■ TASK
Without any of its pictures, the listing below should be output exactly.

■ SUPPLIED MATERIAL

=== Section Start ===

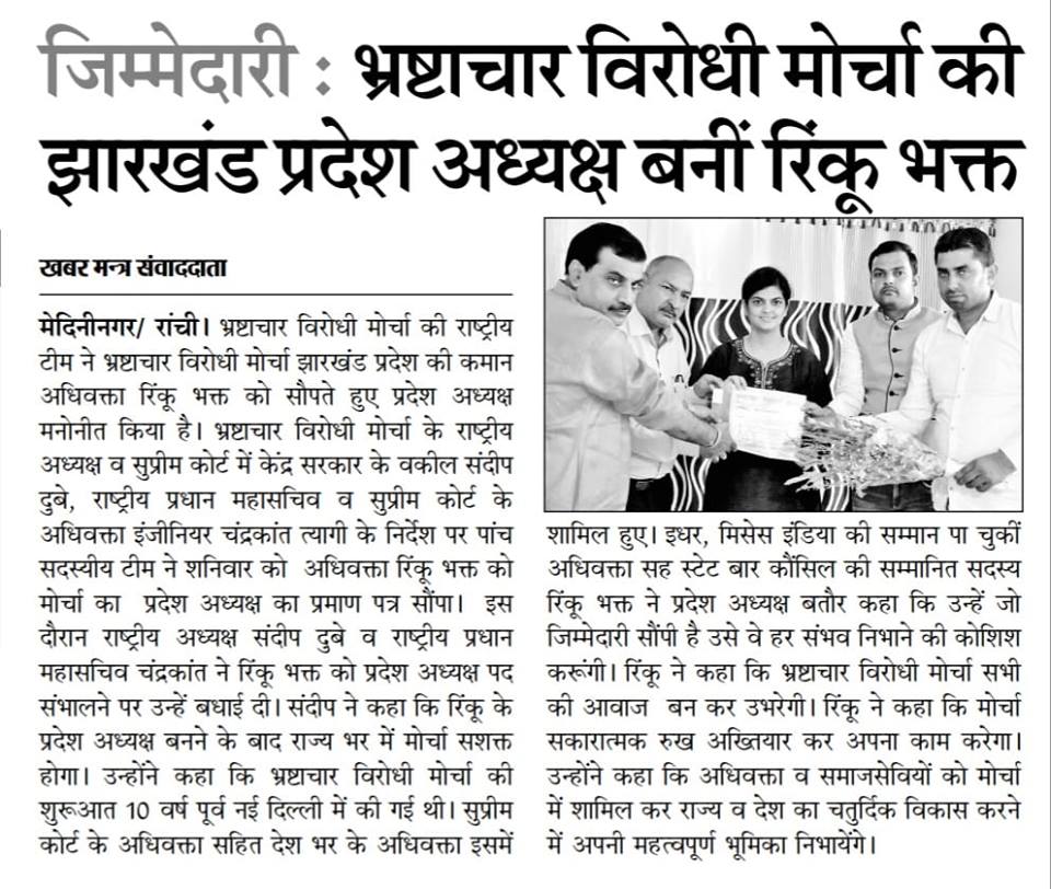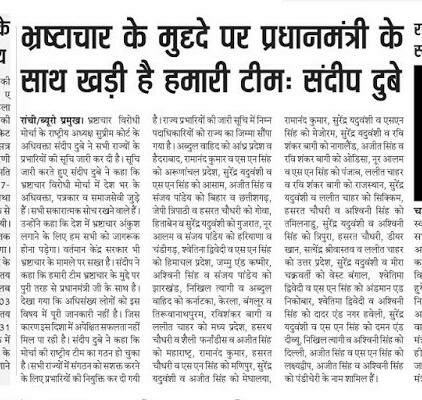 भ्रष्टाचार विरोधी मोर्चा गठित कर युवाओं, बुध्दिजीवियों, समाजसेवियों और प्रबुध्द नागरिकों के लिए एक प्लेटफार्म तैयार कर दिया है।
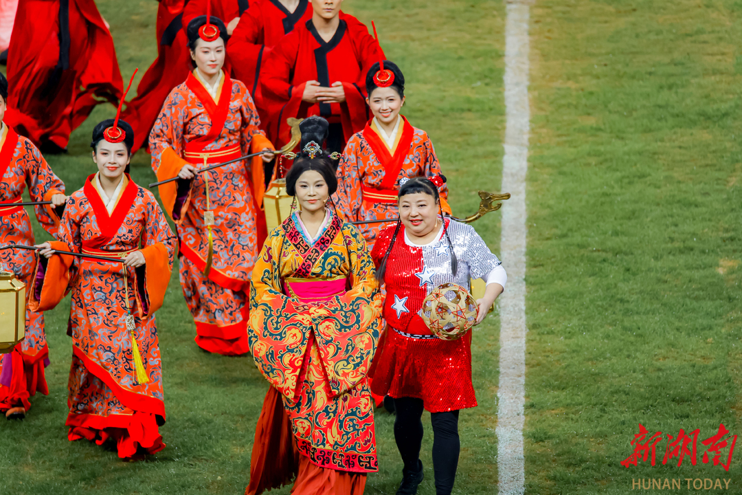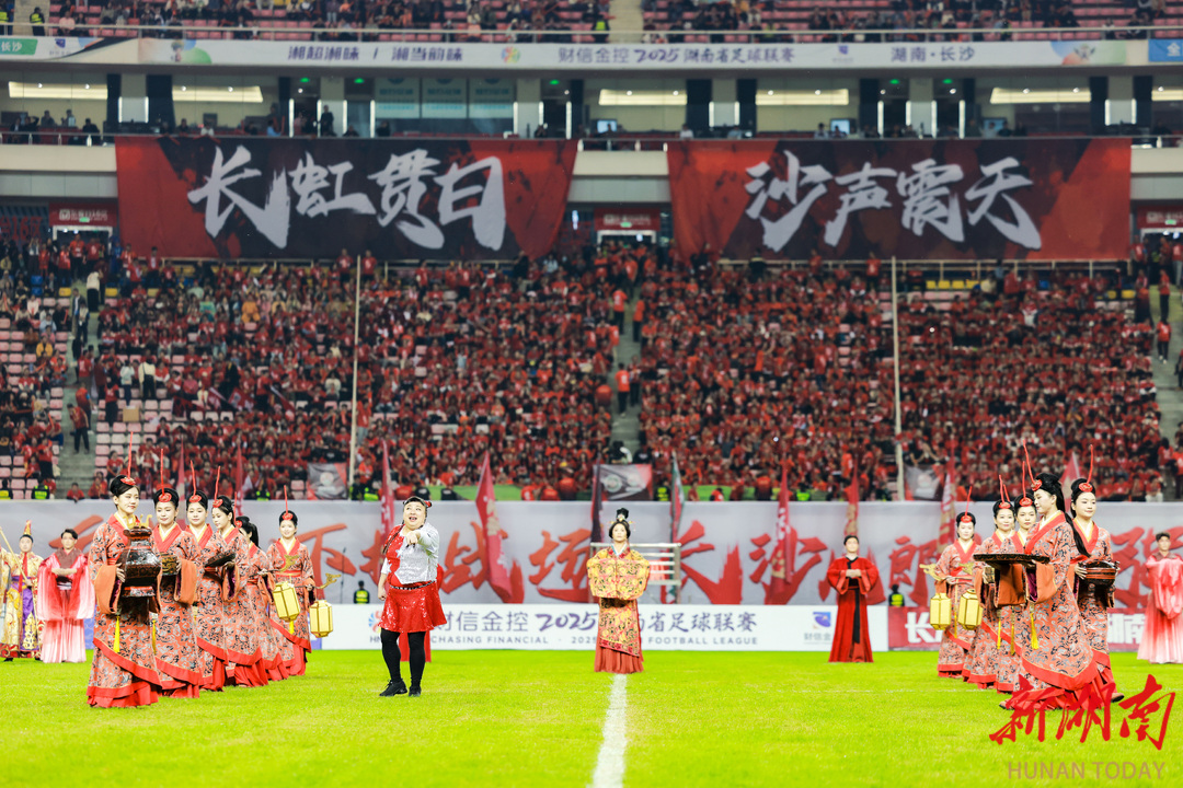 辛追夫人与笑星何晶晶相约“追球”,湘剧高腔演绎伟人词章;绿茵场上的文艺演出精彩纷呈,场外演艺新空间更焕发蓬勃活力……11月14日晚,长沙与益阳的湘超联赛小组赛现场,体育激情与湖湘文脉,完成了一次惊艳的“双向奔赴”。
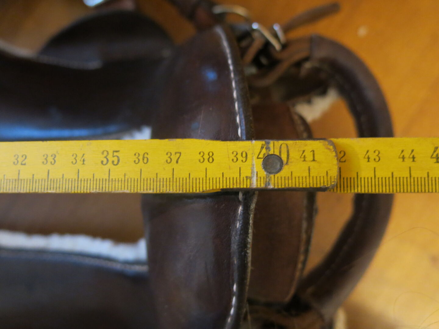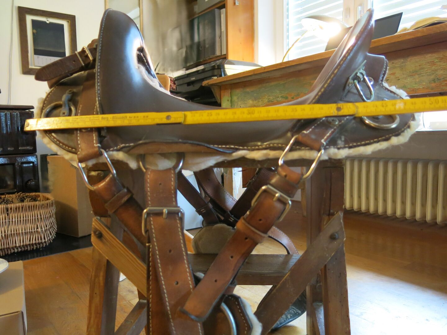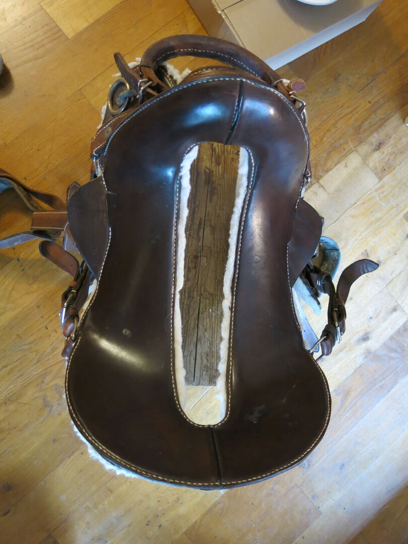 Hij is met leer bekleed en door zijn constructie (er zit een "gat" in het zadel) is hij licht, comfortabel en toch extreem stabiel. Het kan zowel als pakzadel en als rijzadel gebruikt worden. Afmetingen: zie foto's.

=== Section End ===

■ EXPECTED ANSWER
 भ्रष्टाचार विरोधी मोर्चा गठित कर युवाओं, बुध्दिजीवियों, समाजसेवियों और प्रबुध्द नागरिकों के लिए एक प्लेटफार्म तैयार कर दिया है।
 辛追夫人与笑星何晶晶相约“追球”,湘剧高腔演绎伟人词章;绿茵场上的文艺演出精彩纷呈,场外演艺新空间更焕发蓬勃活力……11月14日晚,长沙与益阳的湘超联赛小组赛现场,体育激情与湖湘文脉,完成了一次惊艳的“双向奔赴”。
 Hij is met leer bekleed en door zijn constructie (er zit een "gat" in het zadel) is hij licht, comfortabel en toch extreem stabiel. Het kan zowel als pakzadel en als rijzadel gebruikt worden. Afmetingen: zie foto's.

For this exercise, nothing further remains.